§ Exercise goal: Make an exact copy of the listing, without images.

§ Collected data:
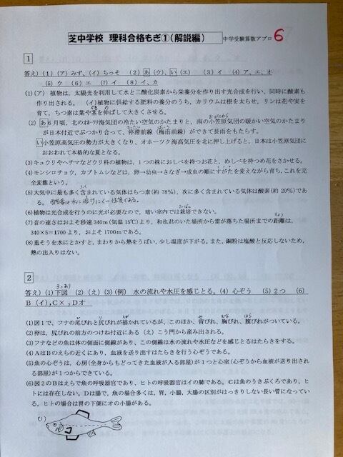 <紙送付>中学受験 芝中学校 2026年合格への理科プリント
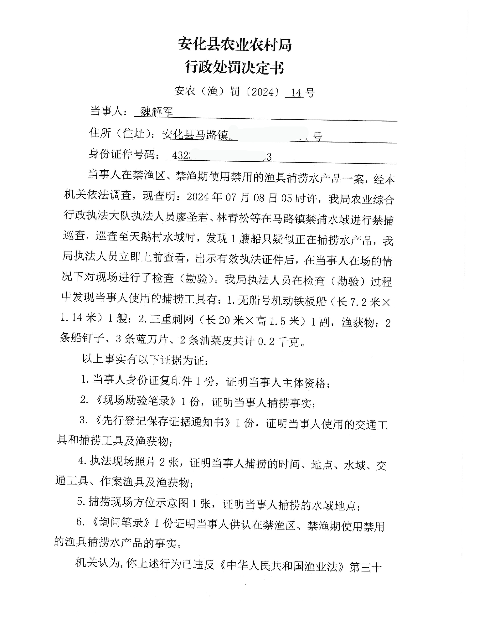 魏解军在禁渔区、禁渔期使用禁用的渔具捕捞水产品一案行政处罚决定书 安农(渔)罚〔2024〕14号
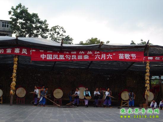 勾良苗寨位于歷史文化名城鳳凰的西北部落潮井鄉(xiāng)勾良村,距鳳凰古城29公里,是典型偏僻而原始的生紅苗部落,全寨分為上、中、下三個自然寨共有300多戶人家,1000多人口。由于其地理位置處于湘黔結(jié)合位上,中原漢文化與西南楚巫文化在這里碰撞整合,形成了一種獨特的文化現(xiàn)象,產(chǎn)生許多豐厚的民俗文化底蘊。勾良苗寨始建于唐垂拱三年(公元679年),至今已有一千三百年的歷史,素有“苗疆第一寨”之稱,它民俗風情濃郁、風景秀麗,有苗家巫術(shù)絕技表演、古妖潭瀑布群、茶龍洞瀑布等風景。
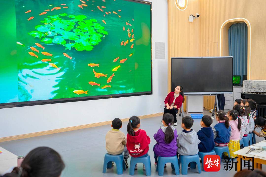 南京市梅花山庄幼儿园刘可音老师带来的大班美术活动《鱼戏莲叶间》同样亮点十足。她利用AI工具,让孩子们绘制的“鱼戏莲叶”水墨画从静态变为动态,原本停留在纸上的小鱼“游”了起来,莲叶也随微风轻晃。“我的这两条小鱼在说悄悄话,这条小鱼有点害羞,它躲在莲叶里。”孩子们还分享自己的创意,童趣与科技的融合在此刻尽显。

§ Task result:
 <紙送付>中学受験 芝中学校 2026年合格への理科プリント
 魏解军在禁渔区、禁渔期使用禁用的渔具捕捞水产品一案行政处罚决定书 安农(渔)罚〔2024〕14号
 勾良苗寨位于歷史文化名城鳳凰的西北部落潮井鄉(xiāng)勾良村,距鳳凰古城29公里,是典型偏僻而原始的生紅苗部落,全寨分為上、中、下三個自然寨共有300多戶人家,1000多人口。由于其地理位置處于湘黔結(jié)合位上,中原漢文化與西南楚巫文化在這里碰撞整合,形成了一種獨特的文化現(xiàn)象,產(chǎn)生許多豐厚的民俗文化底蘊。勾良苗寨始建于唐垂拱三年(公元679年),至今已有一千三百年的歷史,素有“苗疆第一寨”之稱,它民俗風情濃郁、風景秀麗,有苗家巫術(shù)絕技表演、古妖潭瀑布群、茶龍洞瀑布等風景。
 南京市梅花山庄幼儿园刘可音老师带来的大班美术活动《鱼戏莲叶间》同样亮点十足。她利用AI工具,让孩子们绘制的“鱼戏莲叶”水墨画从静态变为动态,原本停留在纸上的小鱼“游”了起来,莲叶也随微风轻晃。“我的这两条小鱼在说悄悄话,这条小鱼有点害羞,它躲在莲叶里。”孩子们还分享自己的创意,童趣与科技的融合在此刻尽显。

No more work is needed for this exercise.